- INFORMATION PROVIDED
|---|

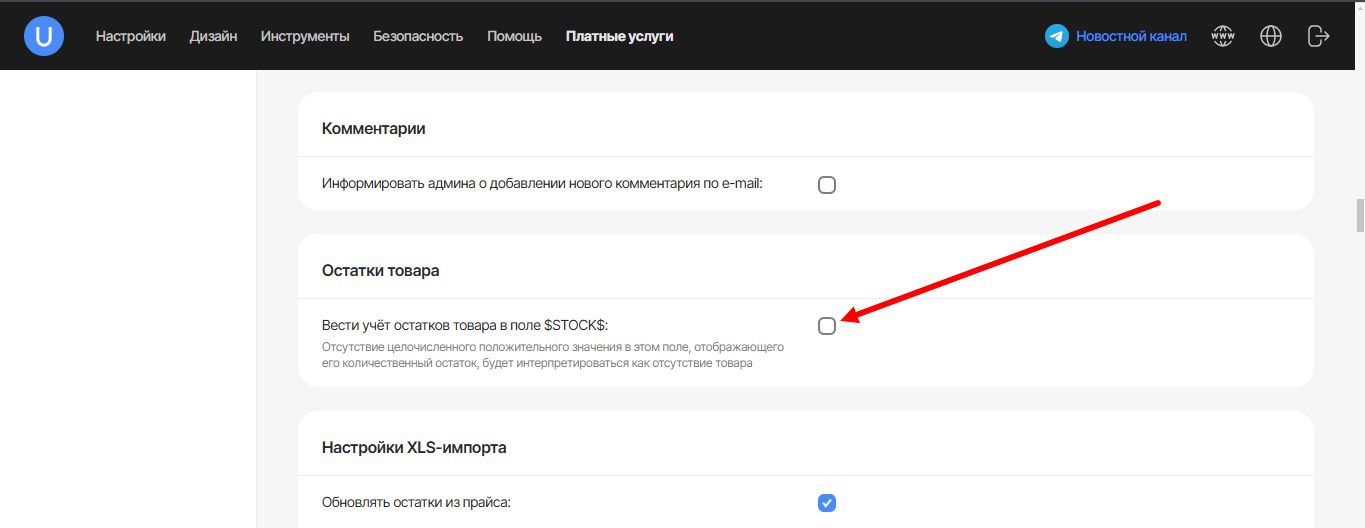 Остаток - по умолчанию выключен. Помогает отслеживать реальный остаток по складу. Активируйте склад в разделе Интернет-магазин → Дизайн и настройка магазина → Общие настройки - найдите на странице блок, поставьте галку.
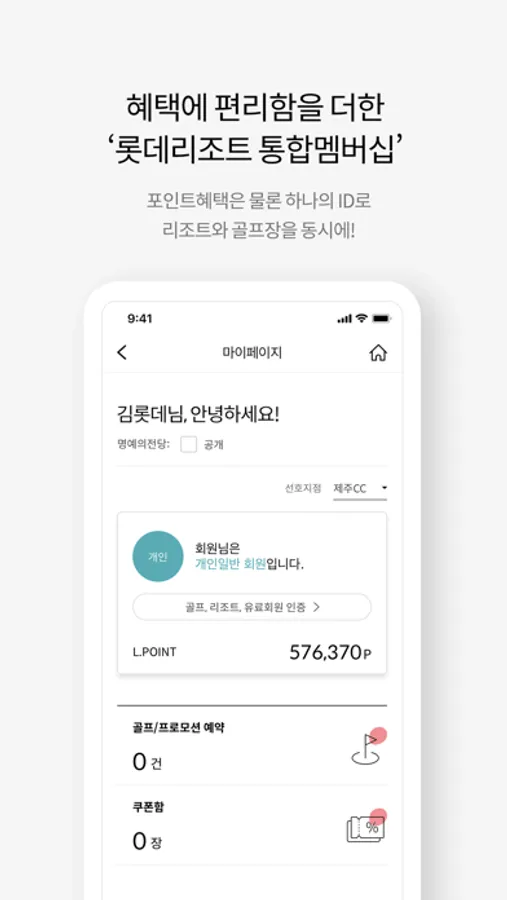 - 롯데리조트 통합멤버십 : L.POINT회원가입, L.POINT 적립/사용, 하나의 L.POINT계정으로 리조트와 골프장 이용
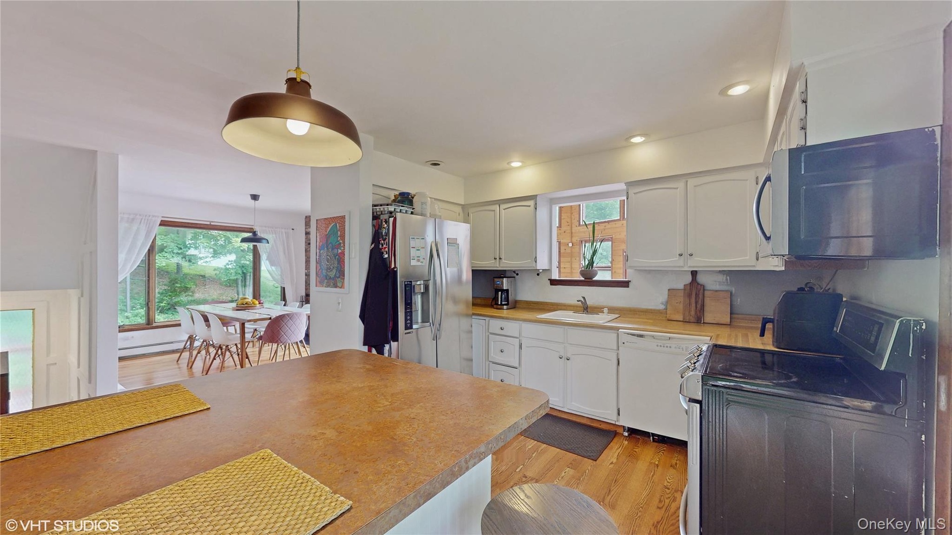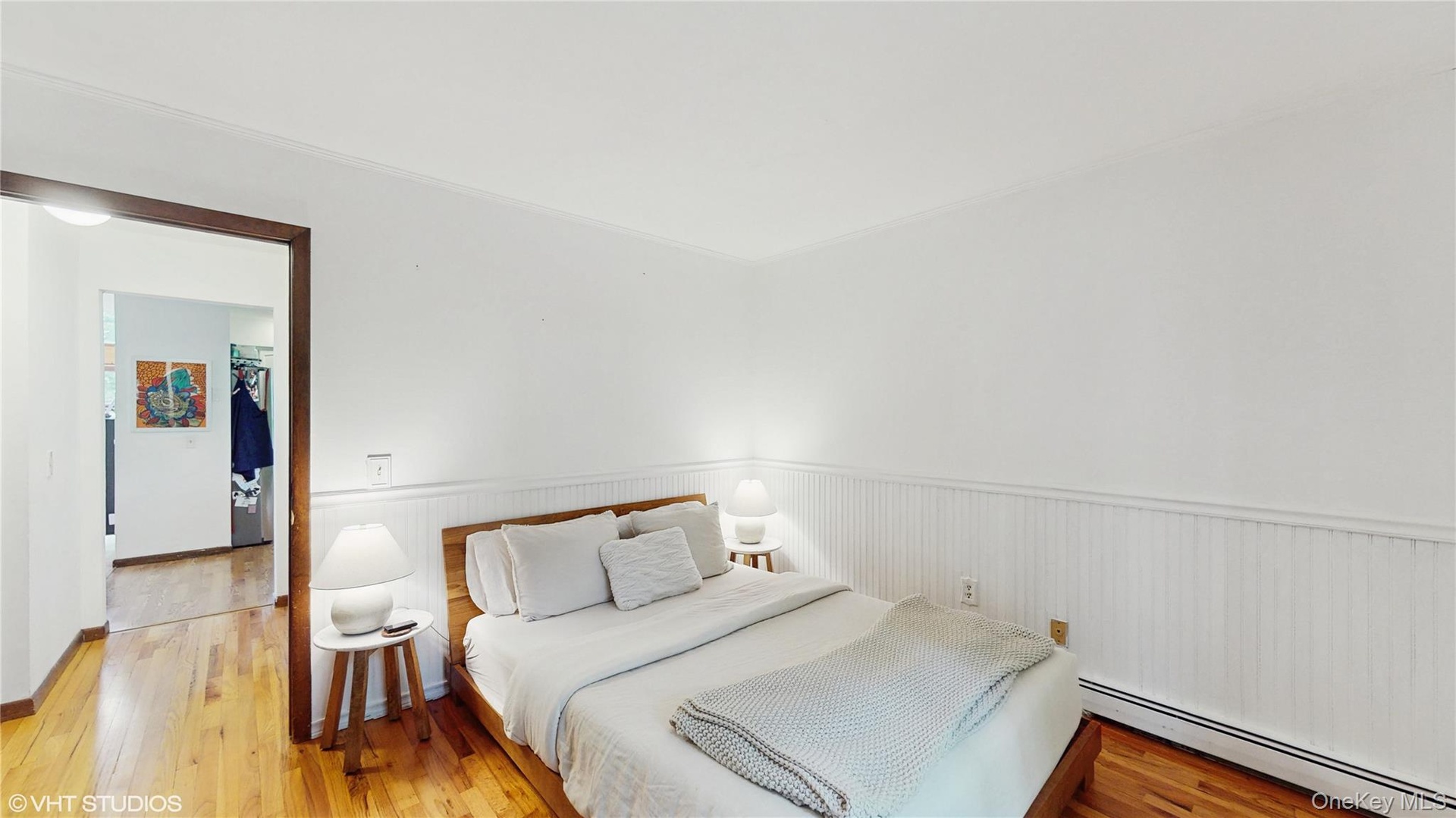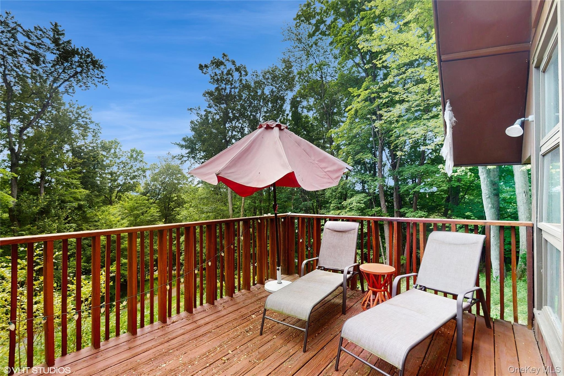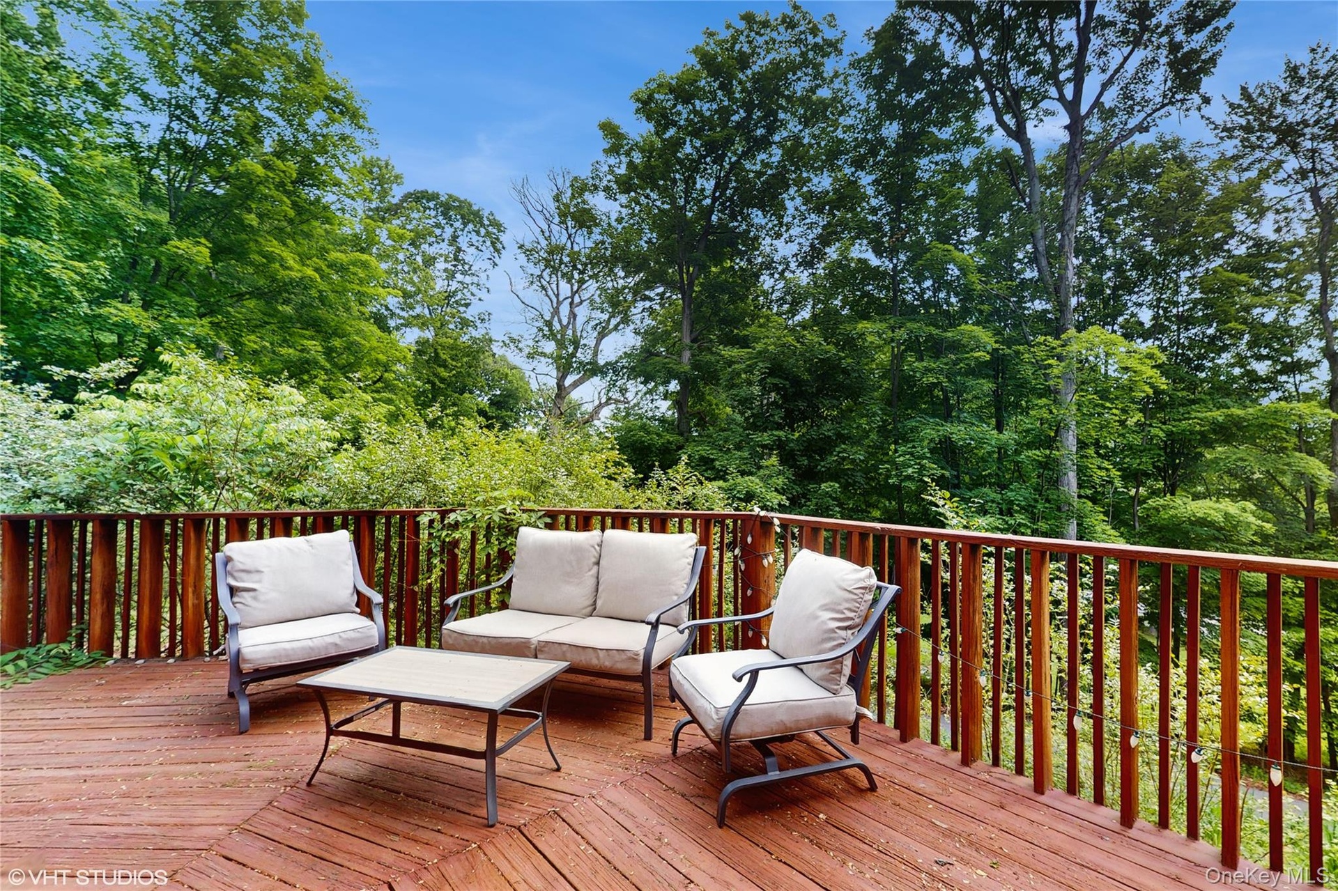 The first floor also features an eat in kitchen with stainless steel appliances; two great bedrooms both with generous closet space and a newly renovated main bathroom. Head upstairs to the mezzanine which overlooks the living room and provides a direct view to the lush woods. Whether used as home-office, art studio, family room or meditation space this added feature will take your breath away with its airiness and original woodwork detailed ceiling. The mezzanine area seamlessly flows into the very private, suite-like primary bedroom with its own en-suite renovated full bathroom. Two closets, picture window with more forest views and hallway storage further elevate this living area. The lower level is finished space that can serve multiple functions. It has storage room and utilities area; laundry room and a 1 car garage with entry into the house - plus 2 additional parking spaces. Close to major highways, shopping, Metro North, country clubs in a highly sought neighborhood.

|---|

- ACTION ITEM
Would you please set down the data above again exactly, without its pictures?

- FINISHED EXERCISE
 Остаток - по умолчанию выключен. Помогает отслеживать реальный остаток по складу. Активируйте склад в разделе Интернет-магазин → Дизайн и настройка магазина → Общие настройки - найдите на странице блок, поставьте галку.
 - 롯데리조트 통합멤버십 : L.POINT회원가입, L.POINT 적립/사용, 하나의 L.POINT계정으로 리조트와 골프장 이용
 The first floor also features an eat in kitchen with stainless steel appliances; two great bedrooms both with generous closet space and a newly renovated main bathroom. Head upstairs to the mezzanine which overlooks the living room and provides a direct view to the lush woods. Whether used as home-office, art studio, family room or meditation space this added feature will take your breath away with its airiness and original woodwork detailed ceiling. The mezzanine area seamlessly flows into the very private, suite-like primary bedroom with its own en-suite renovated full bathroom. Two closets, picture window with more forest views and hallway storage further elevate this living area. The lower level is finished space that can serve multiple functions. It has storage room and utilities area; laundry room and a 1 car garage with entry into the house - plus 2 additional parking spaces. Close to major highways, shopping, Metro North, country clubs in a highly sought neighborhood.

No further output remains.